Once the line with "Hari Om Solid/Plain" has been located in the records below, set down that line and all subsequent lines exactly, omitting the pictures.

◆ ◆ ◆ ◆ ◆

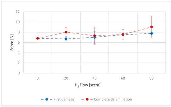In the course of assessing the effect of hydrogen concentration in the reactive gas mixture on coating adhesion, it was found that the presence of nitrogen at a minimum flow rate of 20 sccm was necessary to produce a coating that did not undergo spontaneous delamination upon opening the CVD chamber. All coatings included in this study were therefore synthesized at this nitrogen flow rate. No clear or statistically significant trend was observed in the adhesion values with increasing hydrogen content—both initial failure points and complete delamination were recorded at indenter loads ranging between 7 and 9 N (Figure 8).
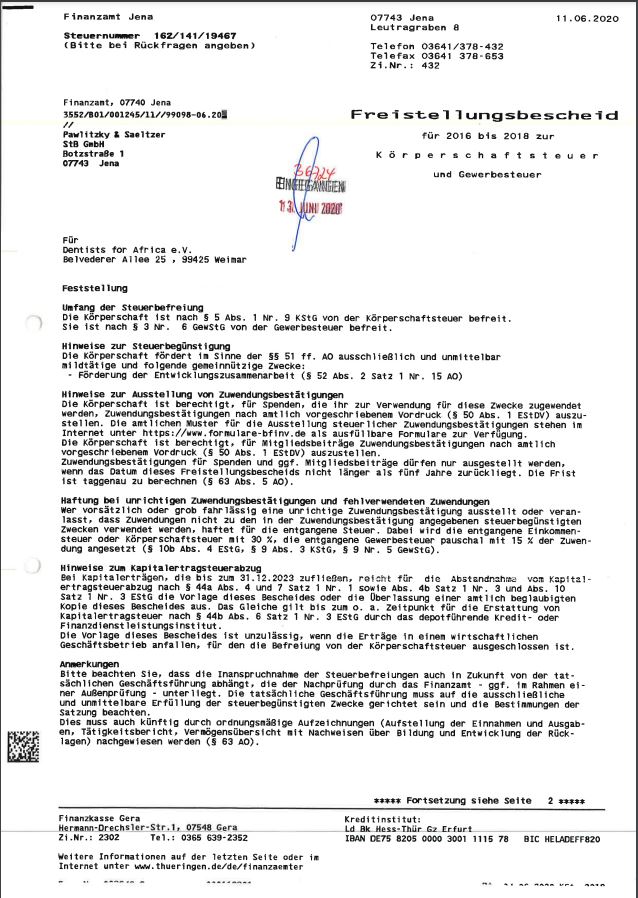 These guidelines apply, unless otherwise specified, to any person associated with Dentists for Africa as a board member, director, or paid or volunteer employee. This includes the interests of all persons with whom such persons have a close personal relationship, including spouses, life partners, children, parents, siblings, brothers, sisters or other close family members. The anti-corruption code is known to employees and volunteers in Germany and Kenya.
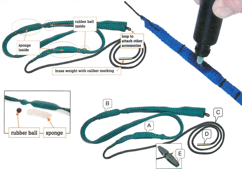 Die 4 Reinigungselemente sind jeweils in der Reihenfolge Schwamm-Kugel im vorderen und hinteren Teil der Schnur angeordnet, so dass der Anwender nach jeder Anwendung immer einen praktisch flüssigkeitsfreien Lauf vorfindet, der ohne weitere Schritte schussfertig ist. Hintergrund der Weiterentwicklung der Reinigungsschnur ist die Erfahrung, dass eigentlich nur Reinigungsflüssigkeiten Schmauch neutralisieren, Tombak- und andere Laufablagerungen lösen und den Lauf konservieren können. Weiter möchten nicht alle Schützen bei jedem Reinigungsprozess eine abrasive Bürste einsetzen.
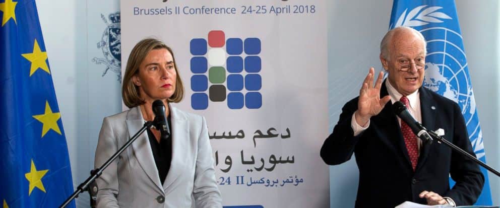 Nhân dịp các nhà tài trợ quốc tế nhóm họp tại Brussels để tăng cường hỗ trợ nhân đạo cho Syria, Giám đốc chính sách đối ngoại Liên minh Châu Âu (EU) Federica Mogherini đã kêu gọi Nga, Iran và Thổ Nhĩ Kỳ ngừng bắn tại đất nước đã bị cuộc nội chiến tàn phá hơn 7 năm qua.
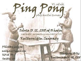 Sobota 15. 12. 2018 od 10 hodin Kulturní dům Senorady Sraz účastníků, rozlosování a rozehřátí půl hodiny předem. Přihlášky posílejte: maly.ales@gmail.com 723 616 795 nebo sociální sítě Startovné 50 Kč Registrace do 14. 12. 2018...
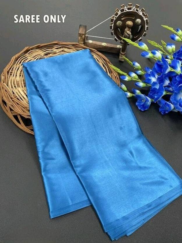 Hari Om Solid/Plain Bollywood Pure Silk, Satin Saree (Blue)
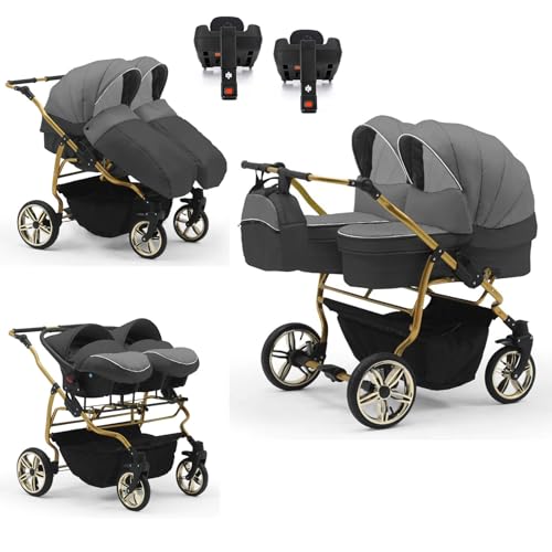 Elcar Zwillingskinderwagen 5 in 1 Duet Lux Goldedition mit Autositzen und Iso Bases - 14 Teile - 20 Farben
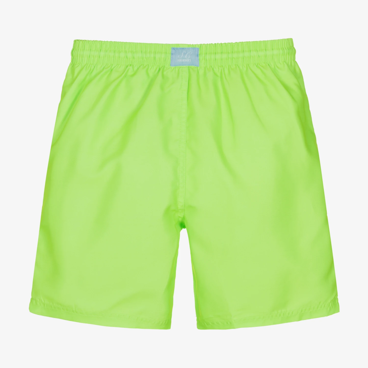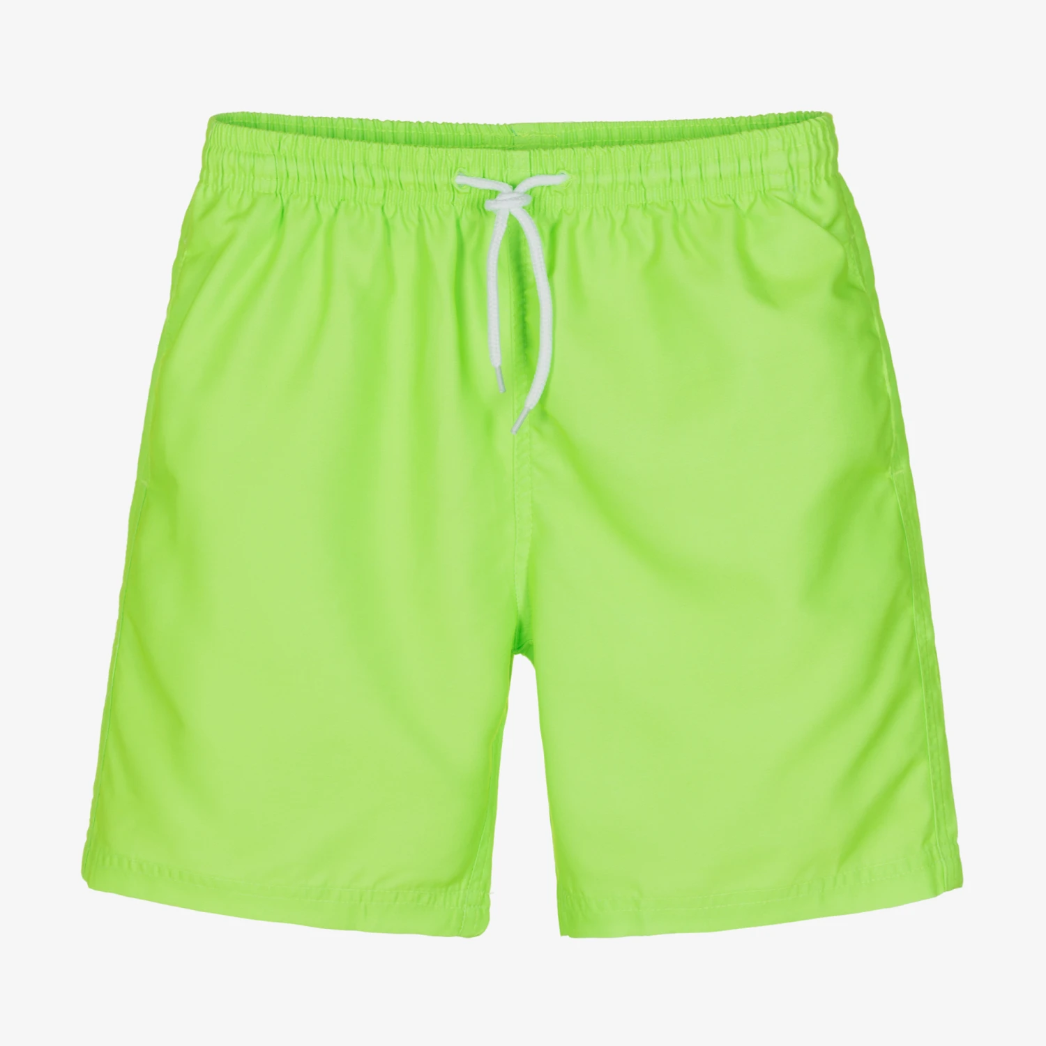 Teen boys will stand out in these bright neon green swim shorts by American brand Stella Cove. Silky soft, they have a white drawstring waistband for a good fit, with a pale blue logo badge around the back. There are useful side seam pockets and comfortable mesh lining.
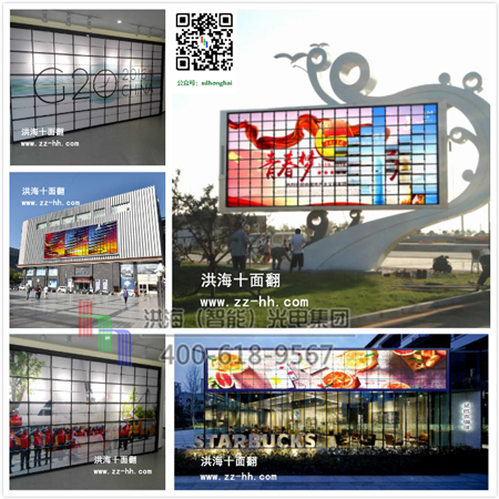 機械翻頁十面翻告別了傳統(tǒng)的機械傳動,取而代之是數(shù)控智能控制系統(tǒng)的應(yīng)用,化腐朽為神奇,以其波瀾壯闊的新奇和動感效果橫空出世,在視覺疲勞中給人以清新、懷舊但又與眾不同的視覺感受。好的元素用于建筑、裝飾、場館、舞臺和戶外廣告,讓建筑動起來,就會賦予靈魂和創(chuàng)意,帶來更多價值。 創(chuàng)意無止境,廣告無邊界,洪海光電集團帶您進入時尚廣告前沿,來吧朋友們,與洪海共舞,打造您的財富空間!!!
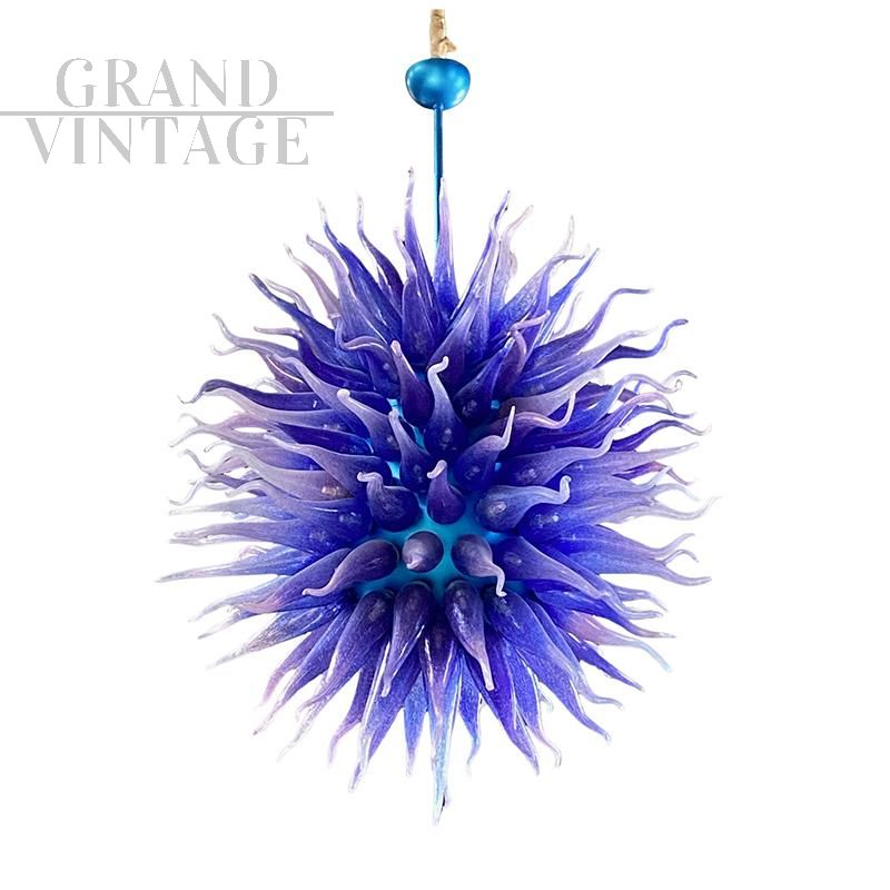 Lampadario lampada a sospensione Blue Sun in vetro di Murano sulle tonalità del blu con fiamme, composto da 101 punti luce, un capolavoro dell'artigianato di Murano che si ispira allo stile Sputnik.
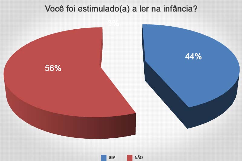 Por uma semana o Canal Içara questionou os internautas sobre o estímulo à leitura na infância. Infelizmente, 56% apontaram que não foram incentivados cedo. Apesar deles ainda serem maioria, não estão muito distantes da outra parte. É que 44% receberam o apoio para a leitura quando pequenos. Ao todo participaram 50 leitores que acessaram o portal entre 22 a 29 de junho.
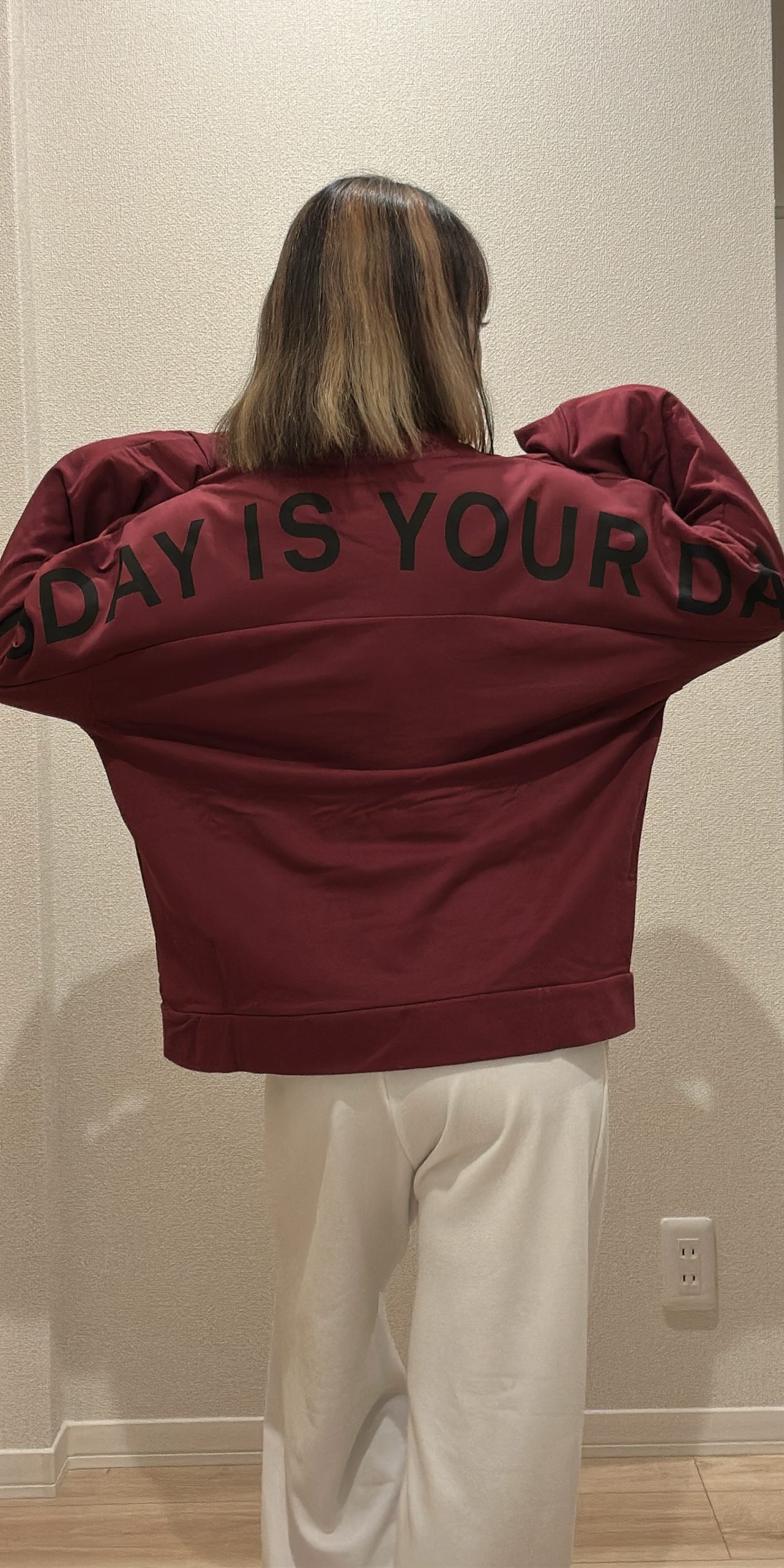 フロントには 胸の中央あたりに 小さくFREDDYのロゴを刺繍。背中の上部に「TODAY IS YOUR DAY」 のメッセージ✨✨✨

◆ ◆ ◆ ◆ ◆

— Written answer —
 Hari Om Solid/Plain Bollywood Pure Silk, Satin Saree (Blue)
 Elcar Zwillingskinderwagen 5 in 1 Duet Lux Goldedition mit Autositzen und Iso Bases - 14 Teile - 20 Farben
 Teen boys will stand out in these bright neon green swim shorts by American brand Stella Cove. Silky soft, they have a white drawstring waistband for a good fit, with a pale blue logo badge around the back. There are useful side seam pockets and comfortable mesh lining.
 機械翻頁十面翻告別了傳統(tǒng)的機械傳動,取而代之是數(shù)控智能控制系統(tǒng)的應(yīng)用,化腐朽為神奇,以其波瀾壯闊的新奇和動感效果橫空出世,在視覺疲勞中給人以清新、懷舊但又與眾不同的視覺感受。好的元素用于建筑、裝飾、場館、舞臺和戶外廣告,讓建筑動起來,就會賦予靈魂和創(chuàng)意,帶來更多價值。 創(chuàng)意無止境,廣告無邊界,洪海光電集團帶您進入時尚廣告前沿,來吧朋友們,與洪海共舞,打造您的財富空間!!!
 Lampadario lampada a sospensione Blue Sun in vetro di Murano sulle tonalità del blu con fiamme, composto da 101 punti luce, un capolavoro dell'artigianato di Murano che si ispira allo stile Sputnik.
 Por uma semana o Canal Içara questionou os internautas sobre o estímulo à leitura na infância. Infelizmente, 56% apontaram que não foram incentivados cedo. Apesar deles ainda serem maioria, não estão muito distantes da outra parte. É que 44% receberam o apoio para a leitura quando pequenos. Ao todo participaram 50 leitores que acessaram o portal entre 22 a 29 de junho.
 フロントには 胸の中央あたりに 小さくFREDDYのロゴを刺繍。背中の上部に「TODAY IS YOUR DAY」 のメッセージ✨✨✨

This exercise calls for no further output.